Sausage links are a popular choice for breakfast, brunch, and beyond, but what’s actually in them? This article breaks down the sausage links nutrition info you need to know.
Keep in mind that because there are so many brands and types of sausage, the exact nutritional content can vary quite a bit.
Understanding the Nutritional Profile
Okay, so what’s actually in a sausage link? Here’s a breakdown of the nutrition info you’ll typically find (remember, these are general ranges, and specific brands will vary):
Key Nutrients
- Calories: Expect somewhere between 200-300 calories per serving.
- Fat Content: This is where things get interesting. A serving might clock in around 19g of total fat, which is about 24% of your Daily Value. Pay attention to saturated fat and trans fat, if any.
- Cholesterol and Sodium: Sausage can be high in both. You might see around 45mg of cholesterol (15% DV) and a whopping 680mg of sodium (30% DV) per serving. Something to keep in mind if you’re watching your levels.
Macronutrients
- Protein: The good news? Sausage does pack some protein. A serving could have around 8g.
- Carbohydrates: Usually pretty low. Expect around 2g of total carbs.
- Fiber and Sugar: Usually minimal. Don’t expect a fiber boost from your sausage!
Brand-Specific Nutritional Information
Nutritional information can vary depending on the brand and the specific type of sausage you choose. Always check the label for the most accurate information.
Bob Evans Original Pork Sausage Links
Bob Evans sausage links are made with premium pork and a blend of savory spices. One serving, which is about three links, contains:
- Calories: 220
- Total Fat: 17g
- Saturated Fat: 6g
- Cholesterol: 55mg
- Sodium: 540mg
- Protein: 13g
Other Brands
Keep in mind that other brands may have different ingredients and nutritional profiles. For example, chicken sausage will have a different nutritional makeup than pork sausage. So, be sure to check the label before you buy!
What to consider
It’s important to stick to the serving size listed on the package so you get an accurate idea of calories, fat, sodium, and other nutrients you’re consuming.
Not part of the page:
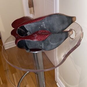Marcello Pace snakeskin style pointy boots in rich mahogany shade.

Also, how you cook your sausage links can change the nutrition profile. For instance, frying adds more fat than baking or grilling. On the stovetop, you’ll probably want to cook the links for 7 to 12 minutes. In the oven, baking usually takes 10 to 15 minutes.
Because of their sodium and fat content, sausage links may not be the best choice for a low-sodium or low-fat diet. If you’re watching your sodium or fat intake, look into chicken or turkey sausage, which may be lower in both.
Final Thoughts
When you’re choosing sausage links, it’s important to know what you’re eating. So, take a look at the product labels and think about what you need to eat to reach your health goals.
Sausage links can be part of a healthy diet, as long as you eat them in moderation.